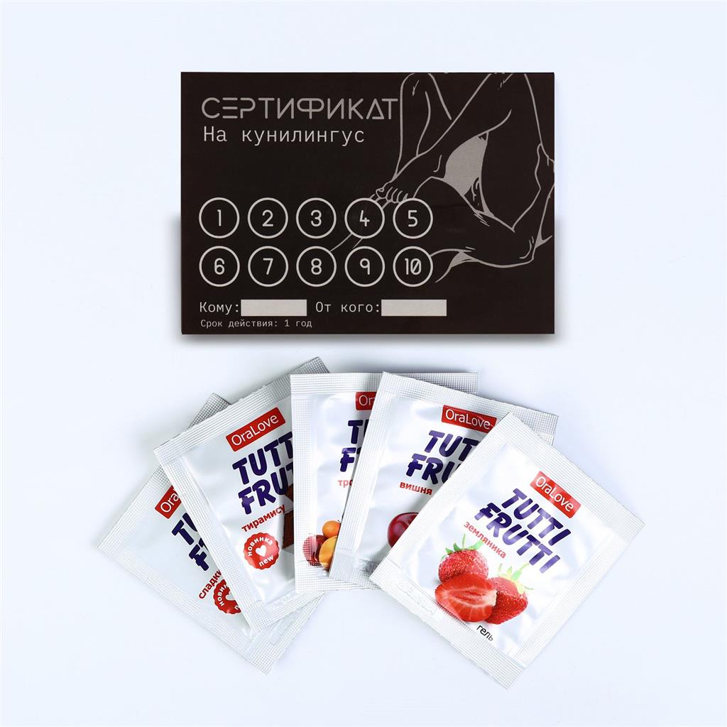 Набор «На кунилингус»: сертификат и 5 саше оральных лубрикантов
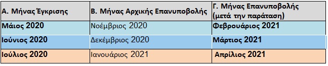 Γ. ο μήνας επανυποβολής, υπολογίζοντας την τρίμηνη παράταση:
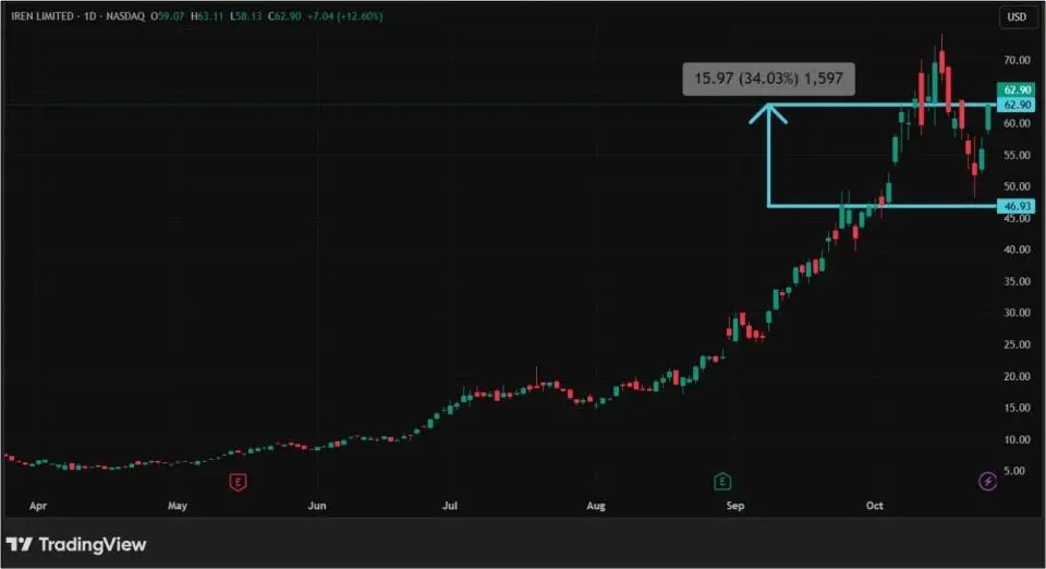 На седьмом месте по рыночной капитализации IREN с $17,1 млрд. Основная деятельность компании связана с дата-центрами, которые используются для майнинга биткоина. Первая половина октября 2025 года сложилась для акций IREN положительно — они достигли нового исторического максимума $74,15. Однако после объявления о возможных санкциях США против китайского импорта произошла резкая коррекция. Еще одним фактором, который мог привести к снижению акций IREN во второй половине октября — объявление в начале месяца о выпуске конвертируемых облигаций на сумму $875 млн. Первоначальный рост ценных бумаг был связан с заключением дополнительного партнерства с производителем чипов NVIDIA по поводу поставок графических процессоров Blackwell. Общим результатом октября для акций IREN стал рост на 34,03%.
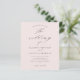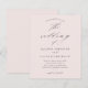 Um convite de casamento rosa blush simples e chique com detalhes de caligrafia em roteiro elegante e texto clássico. Clique no botão de edição para personalizar este design.
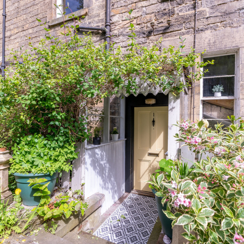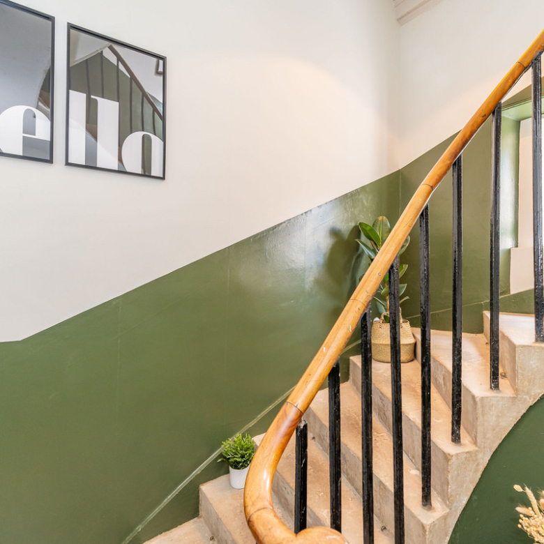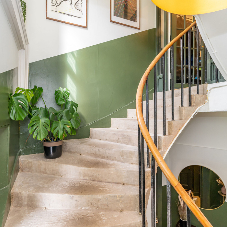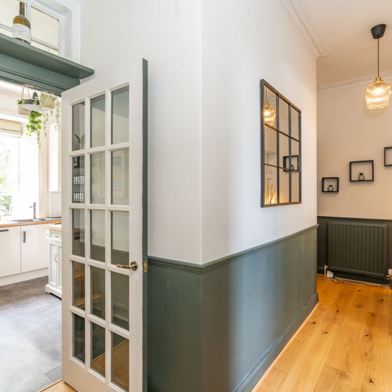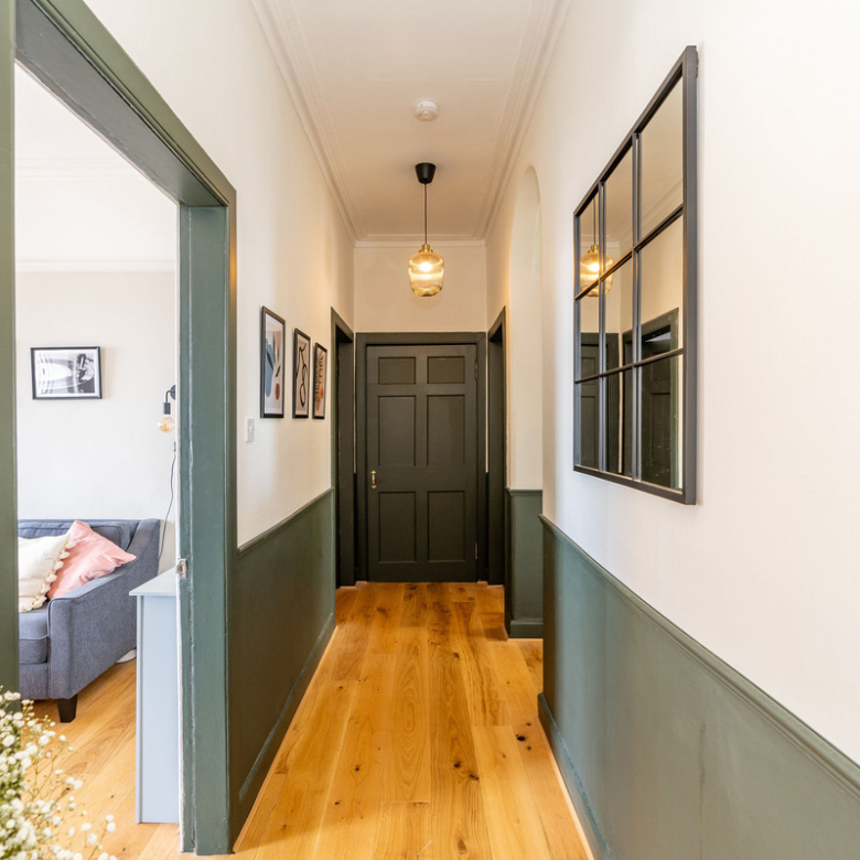 From the picturesque ground floor front porch with white woodwork and climbing wisteria traditional stone stairs with an original balustrade take you to the first floor. Here the sophisticated hallway sets the scene for the rest of the property with its handsome wooden flooring, pendant lighting, six-panel doors, and dado rail finished in a dark green.
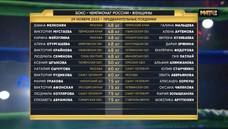 Переносимся в Уфу, где стартует чемпионат России по боксу среди женщин 🥊🥊🥊🥊 Утренняя сессия начинается уже сейчас. В ринг выйдут спортсменки в категориях 48 кг, 50 кг, 60 кг и 75 кг. ССЫЛКА НА ТРАНСЛЯЦИЮ 📺 Дневная сессия начнется в 14:30 МСК. ССЫЛКА НА ТРАНСЛЯЦИЮ 📺 А параллельно следим за финалом Кубка вооруженных сил РФ по армейскому рукопашному бою. ССЫЛКА НА ТРАНСЛЯЦИЮ 📺
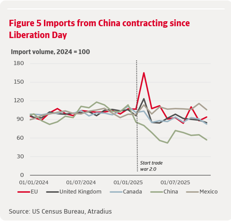 Au terme d'une phase de négociations intenses, la politique commerciale américaine est entrée dans une période de relative stabilité. L'administration a continué à utiliser les droits de douane, ou la menace de les appliquer, comme levier politique, mais le taux effectif des droits de douane est resté relativement stable. Au cours de cette phase, l'administration a de plus en plus recouru à des exemptions ciblées pour les secteurs sensibles tels que l'informatique et les produits alimentaires, dans le but explicite d'alléger la pression sur les prix pour les consommateurs américains. Cela a contribué à une légère baisse du taux effectif des droits de douane, qui est tombé à 10,7 %, les entreprises ayant délocalisé leur production et renégocié leurs relations avec leurs fournisseurs.
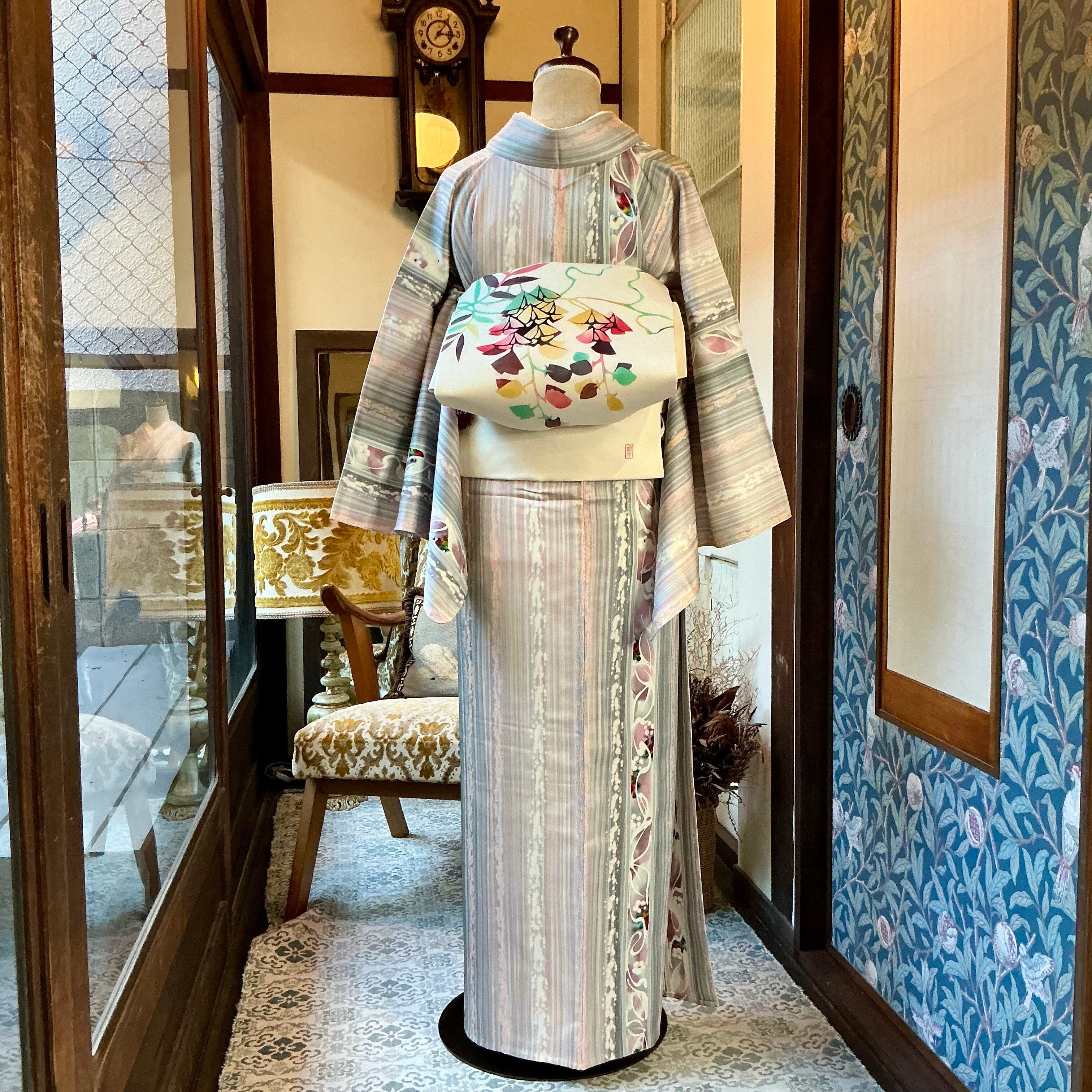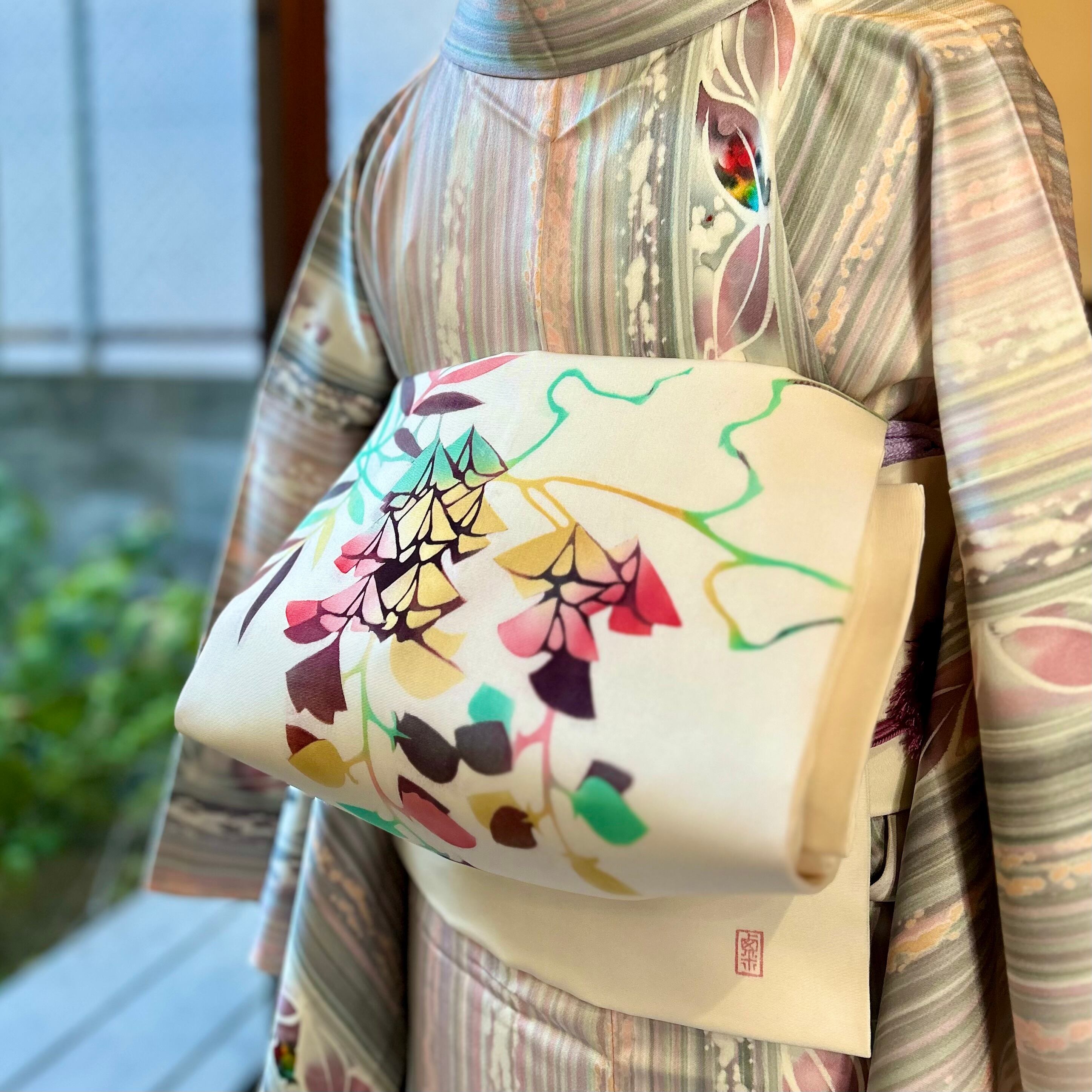サラリとした質感の塩瀬の帯は単衣着物にも合わせられるので、夏以外のスリーシーズン使えて便利です✨
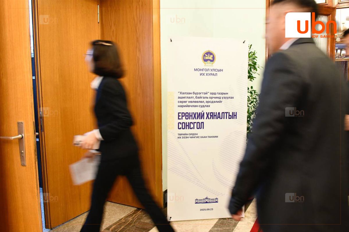 Ерөнхий хяналтын сонсгол өнөөдөр /2025.09.23/ Төрийн ордны “Их Эзэн Чингис хаан” танхимд 09 цагт эхэлнэ. Ерөнхий хяналтын сонсголыг Улсын Их Хурлын гишүүн Б.Баярбаатар даргалах бөгөөд “Халзан бүрэгтэй” орд газрын асуудлаарх холбогдох төрийн байгууллага болон шинжээчийн дүгнэлт, мэдээлэлтэй танилцаж, оролцогчид үг хэлнэ хэмээн Улсын Их Хурлын Хэвлэл мэдээллийн газраас мэдээлэв.
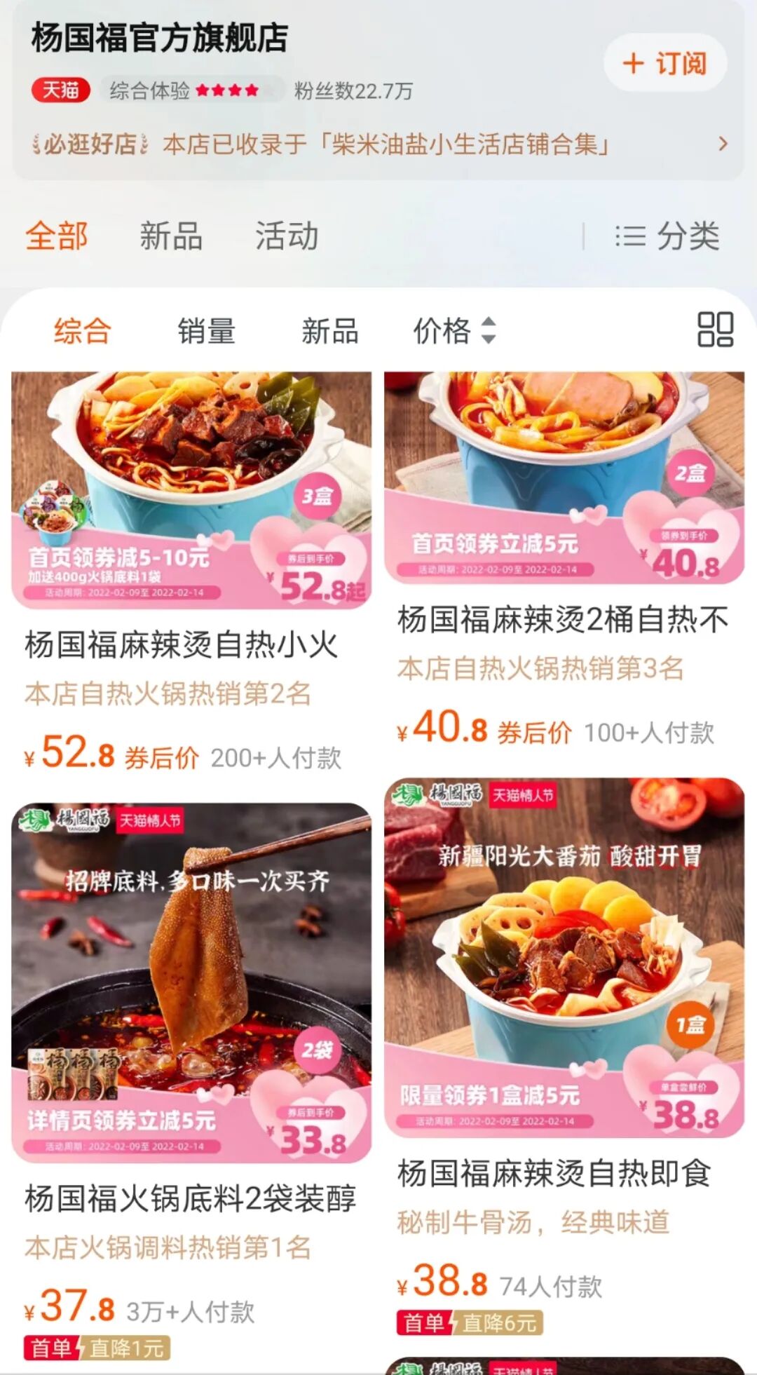 另一方面,作为新入局者,杨国福自热食品的销量可谓“一般般”。伯虎财经发现,杨国福的天猫官方旗舰店自2021年1月上线至今,除了一款火锅底料月销有2万+,一款自热食品月销有3000+,其他产品的月销量都在300以下。比起“同行们”亮眼的数据,杨国福的自热食品要“黯淡”得多。

──────────────────────────────

- BRIEF -
All of the entries need to be retyped word for word, pictures excluded.

- ANSWER BOX -
 Набор «На кунилингус»: сертификат и 5 саше оральных лубрикантов
 Γ. ο μήνας επανυποβολής, υπολογίζοντας την τρίμηνη παράταση:
 На седьмом месте по рыночной капитализации IREN с $17,1 млрд. Основная деятельность компании связана с дата-центрами, которые используются для майнинга биткоина. Первая половина октября 2025 года сложилась для акций IREN положительно — они достигли нового исторического максимума $74,15. Однако после объявления о возможных санкциях США против китайского импорта произошла резкая коррекция. Еще одним фактором, который мог привести к снижению акций IREN во второй половине октября — объявление в начале месяца о выпуске конвертируемых облигаций на сумму $875 млн. Первоначальный рост ценных бумаг был связан с заключением дополнительного партнерства с производителем чипов NVIDIA по поводу поставок графических процессоров Blackwell. Общим результатом октября для акций IREN стал рост на 34,03%.
 Um convite de casamento rosa blush simples e chique com detalhes de caligrafia em roteiro elegante e texto clássico. Clique no botão de edição para personalizar este design.
 From the picturesque ground floor front porch with white woodwork and climbing wisteria traditional stone stairs with an original balustrade take you to the first floor. Here the sophisticated hallway sets the scene for the rest of the property with its handsome wooden flooring, pendant lighting, six-panel doors, and dado rail finished in a dark green.
 Переносимся в Уфу, где стартует чемпионат России по боксу среди женщин 🥊🥊🥊🥊 Утренняя сессия начинается уже сейчас. В ринг выйдут спортсменки в категориях 48 кг, 50 кг, 60 кг и 75 кг. ССЫЛКА НА ТРАНСЛЯЦИЮ 📺 Дневная сессия начнется в 14:30 МСК. ССЫЛКА НА ТРАНСЛЯЦИЮ 📺 А параллельно следим за финалом Кубка вооруженных сил РФ по армейскому рукопашному бою. ССЫЛКА НА ТРАНСЛЯЦИЮ 📺
 Au terme d'une phase de négociations intenses, la politique commerciale américaine est entrée dans une période de relative stabilité. L'administration a continué à utiliser les droits de douane, ou la menace de les appliquer, comme levier politique, mais le taux effectif des droits de douane est resté relativement stable. Au cours de cette phase, l'administration a de plus en plus recouru à des exemptions ciblées pour les secteurs sensibles tels que l'informatique et les produits alimentaires, dans le but explicite d'alléger la pression sur les prix pour les consommateurs américains. Cela a contribué à une légère baisse du taux effectif des droits de douane, qui est tombé à 10,7 %, les entreprises ayant délocalisé leur production et renégocié leurs relations avec leurs fournisseurs.
サラリとした質感の塩瀬の帯は単衣着物にも合わせられるので、夏以外のスリーシーズン使えて便利です✨
 Ерөнхий хяналтын сонсгол өнөөдөр /2025.09.23/ Төрийн ордны “Их Эзэн Чингис хаан” танхимд 09 цагт эхэлнэ. Ерөнхий хяналтын сонсголыг Улсын Их Хурлын гишүүн Б.Баярбаатар даргалах бөгөөд “Халзан бүрэгтэй” орд газрын асуудлаарх холбогдох төрийн байгууллага болон шинжээчийн дүгнэлт, мэдээлэлтэй танилцаж, оролцогчид үг хэлнэ хэмээн Улсын Их Хурлын Хэвлэл мэдээллийн газраас мэдээлэв.
 另一方面,作为新入局者,杨国福自热食品的销量可谓“一般般”。伯虎财经发现,杨国福的天猫官方旗舰店自2021年1月上线至今,除了一款火锅底料月销有2万+,一款自热食品月销有3000+,其他产品的月销量都在300以下。比起“同行们”亮眼的数据,杨国福的自热食品要“黯淡”得多。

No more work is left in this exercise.